The resistance layer can be made in many different ways. Typically it is carbon based, with various other chemicals to make it adhere to the substrate sheet. All of these components must be accounted for when considering manufacturing emissions.

The copper busbars, although small, will be a source of emissions. The copper may be printed as particles, which will require suitable chemicals to provide adhesion or stuck on as a ribbon, which will also require suitable adhesive chemicals. Silver particles may also be used to provide additional conductivity between the copper and resistance layer.

=== Shipping ===

Heating films are lightweight, typically 200 to 300 g/m2. Greenhouse gas emissions due to shipping will depend on distance travelled and transport method.
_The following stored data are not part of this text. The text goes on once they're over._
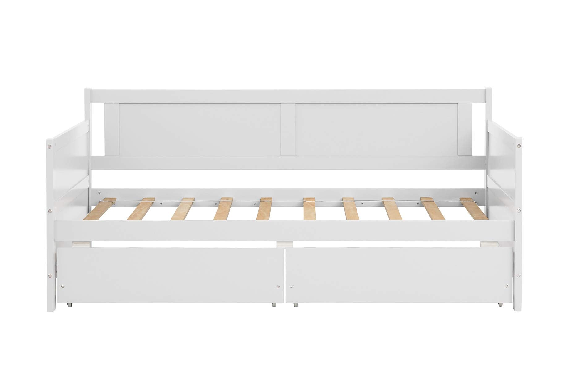 This twin daybed with storage drawers is adaptable to anywhere in the house, not only limited to bedroom. The twin size dimension makes the bed the perfect addition to any bedroom, living room, guest room, children's room, and tight spaces. This daybed provides a stylish sofa during the day and a comfortable bed at night.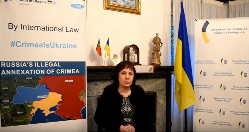 Videomensagem da Embaixadora da Ucrânia, Inna Ohnivets, a respeito do uso do logotipo da Embaixada da Ucrânia na informação sobre o documentário «A Crimeia, o seu passado e presente» de Inga Wolfram de teor totalmente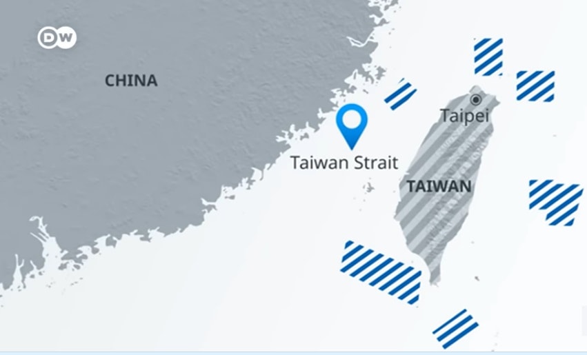 What is most concerning about these Chinese military exercises is that — also for the first time — they are carried out with live ammunition, which means that at anytime the exercises can be converted into an instant attack; and, being closer than ever to Taiwan, missiles for the first time have landed in Japan’s economic zone. Here is a map of the areas hit by Chinese missiles (screenshot of DW video):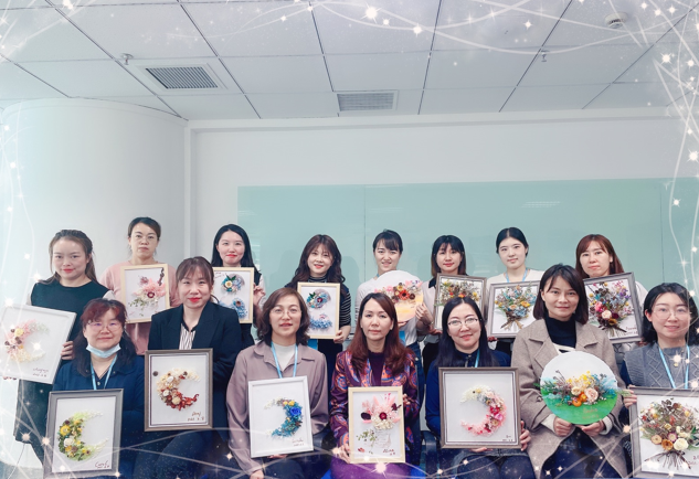 冰心曾經(jīng)說過:世界上若沒有女人,這世界至少要失去十分之五的“真”、十分之六的“善”、十分之七的“美”。在這個春意盎然的三月,伴隨著春天的腳步,我們迎來了”三八“女神節(jié),在這個孕育希望的美好時刻,公司行政部的同事們提前為每一位女神辦公桌上送上節(jié)日的驚喜,同時舉辦了一場特殊的茶話會,干花制作——綻放你的美;五彩繽紛的干花在心靈手巧的女神們手中變成了一幅幅精美的畫,都說女人如花,節(jié)日里怎么少的了花呢!吐魯番項目組的紳士們也悄悄準(zhǔn)備了玫瑰花送上屬于他們的祝福。
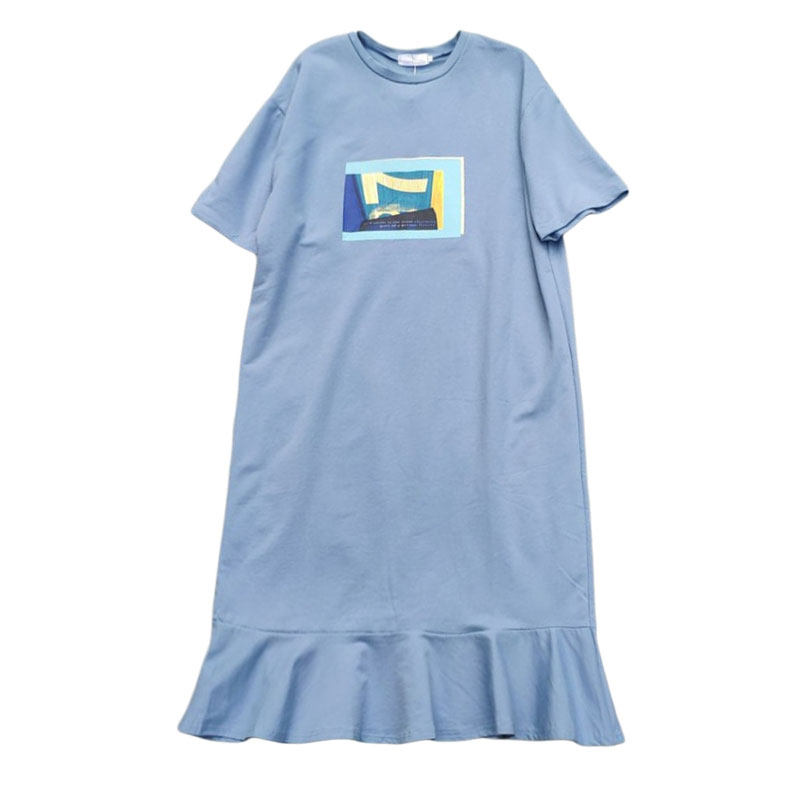 短袖宽松连衣裙 鱼尾过膝长裙 毛圈棉雾霾蓝 有大妈女韩版5 GC29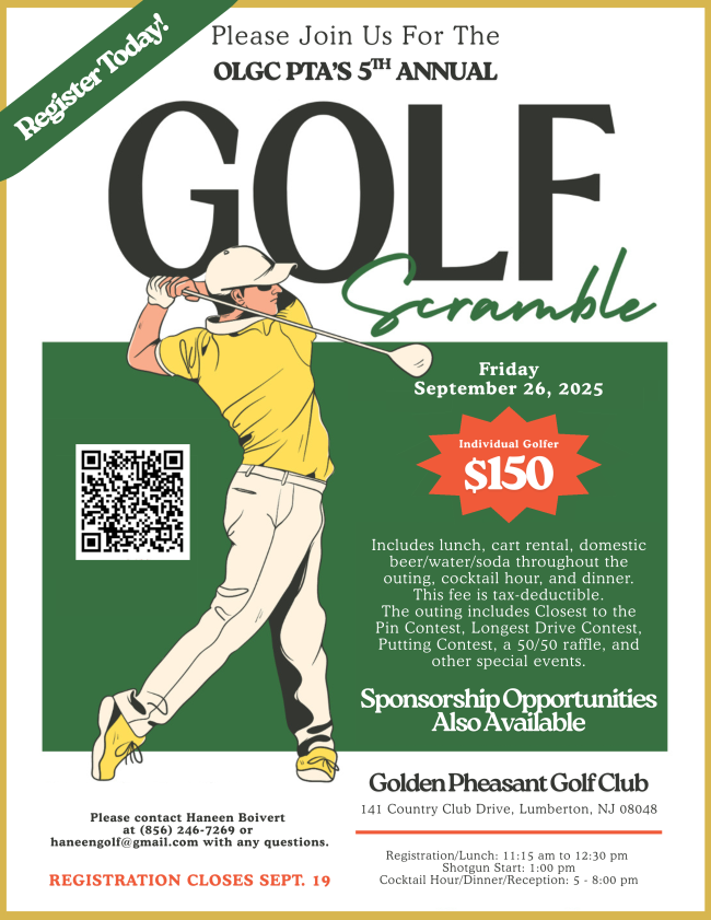 Registration is OPEN for our Annual Golf Outing! Come on out Friday, September 26th to the Golden Pheasant Golf Club for a fun day on the greens. All proceeds support the OLGC PTA and there are many sponsorship opportunities available. The last day to register to golf is Friday, September 19th. For all the details and to register, please CLICK HERE.

Assuming the heating film travels a similar distance to other heating systems from manufacturer to installation, due to its comparatively low weight, emissions to ship heating film will be comparatively lower.

=== Installation ===
Installation of heating films will consume almost no energy when installed underfloor. Where adhesives are used for installation, e.g. on walls and ceilings, the emissions involved in manufacturing and shipping the adhesive must also be included. Some adhesives can produce environmentally damaging emissions as they cure. Low emission adhesives should be used or these emissions must be taken into account when considering installation emissions.

Wiring could also add emissions, where cable runs through walls and floors need to be provided.

=== Operating emissions ===

Since heating films are powered by electricity, no direct emissions will occur at the installation. The operating emissions will depend entirely on the electricity source and emissions will occur wherever the electricity is generated.

E.g. where the heating film is supplied directly by nuclear, wind or solar energy, the greenhouse gas emissions will be zero. Where the electricity is supplied by mains electricity in a region where the electricity is produced from coal, the overall operating greenhouse gas emission will be high.

However, most countries are aiming to reduce greenhouse gas emissions for electricity generation. In countries where these policies are in place, heating film supplied from the mains can be considered to produce lower greenhouse gas emissions than coal, oil or gas heating systems and this will tend to improve over time.

==Transparent heating film==

Transparent heating films are a variant of the basic heating films but are built according to a different architecture. It consists of a thin and flexible polymer film with a conductive optical coating. These heating films can be used in museums as a replacement for heating tables

== Enhanced heating film with PTC technology ==
Some infrared heating films can be enhanced with PTC technology, also known as Positive Temperature Coefficient technology. In this type of film, the electrical resistance increases as the film temperature rises. This allows the heating output to reduce naturally when the film reaches a higher temperature, helping to stabilise surface temperature and reduce the risk of local overheating.

PTC-enhanced heating film is therefore often described as self-regulating. Compared with standard resistive heating film, it can provide improved temperature control, more consistent heat distribution and an additional level of thermal protection. However, correct system design, thermostat control, insulation, electrical installation and compatibility with the surrounding materials remain important for safe and efficient operation.